RECORDS FOR THIS EXERCISE
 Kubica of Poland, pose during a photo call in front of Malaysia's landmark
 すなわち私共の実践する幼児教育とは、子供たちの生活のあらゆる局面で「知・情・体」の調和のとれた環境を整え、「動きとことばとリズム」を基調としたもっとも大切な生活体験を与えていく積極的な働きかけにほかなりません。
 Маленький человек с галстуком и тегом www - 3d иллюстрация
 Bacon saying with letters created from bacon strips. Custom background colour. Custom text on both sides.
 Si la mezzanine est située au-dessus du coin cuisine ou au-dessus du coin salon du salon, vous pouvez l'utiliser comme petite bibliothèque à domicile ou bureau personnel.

--

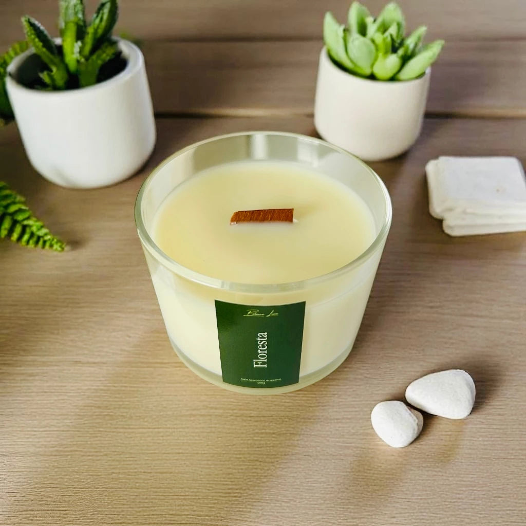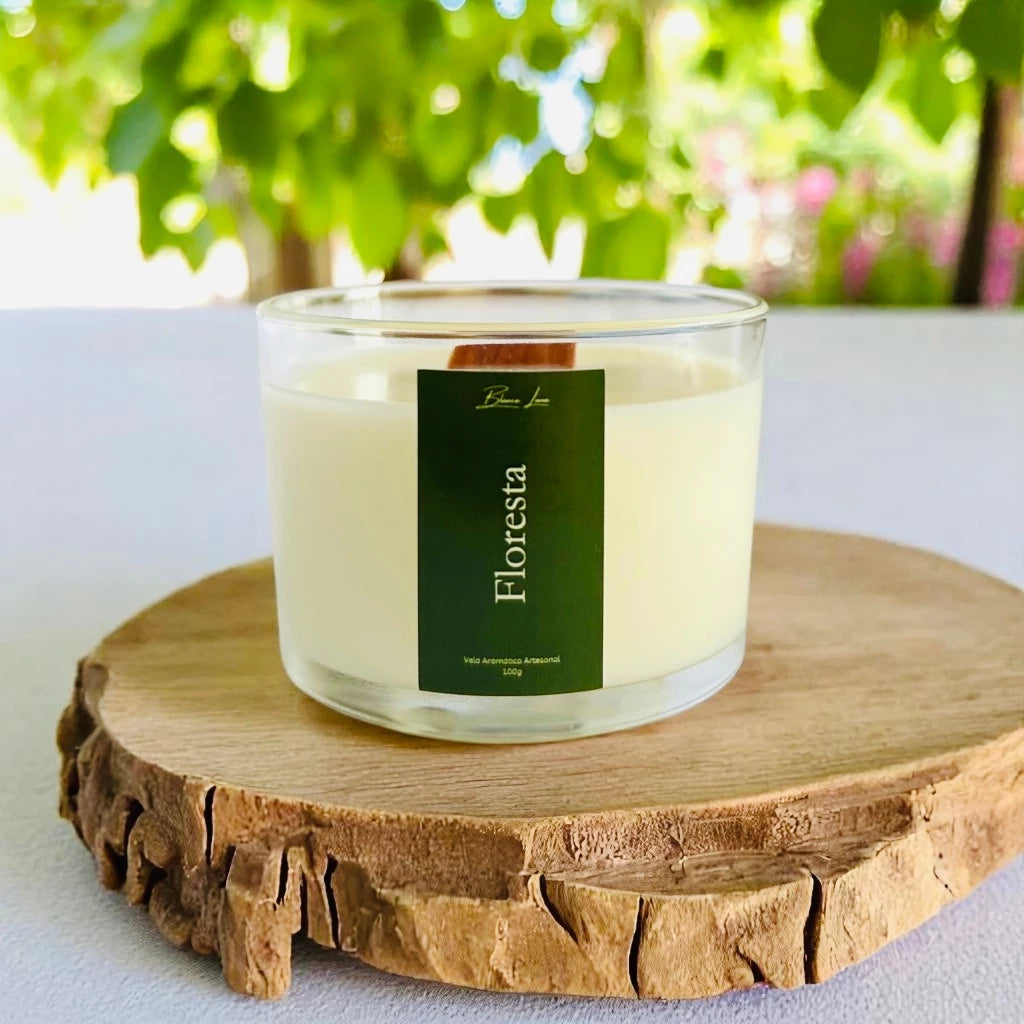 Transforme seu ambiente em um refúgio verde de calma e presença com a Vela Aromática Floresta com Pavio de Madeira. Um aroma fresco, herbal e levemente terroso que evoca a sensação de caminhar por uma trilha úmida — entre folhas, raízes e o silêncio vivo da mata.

...

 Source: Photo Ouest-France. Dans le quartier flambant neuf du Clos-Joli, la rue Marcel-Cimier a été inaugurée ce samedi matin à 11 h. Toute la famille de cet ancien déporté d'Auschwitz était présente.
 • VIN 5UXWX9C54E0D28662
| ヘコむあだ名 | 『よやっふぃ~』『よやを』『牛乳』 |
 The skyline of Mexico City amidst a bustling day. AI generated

DESCRIPTION OF THE TASK
Looking at the data above, write out exactly the lines that start at the one containing "ヘコむあだ名 | 『よやっふぃ~』『よやを』『牛乳』 |" and end at the one containing "The skyline of"; include both and nothing beyond.

TASK OUTPUT
| ヘコむあだ名 | 『よやっふぃ~』『よやを』『牛乳』 |
 The skyline of Mexico City amidst a bustling day. AI generated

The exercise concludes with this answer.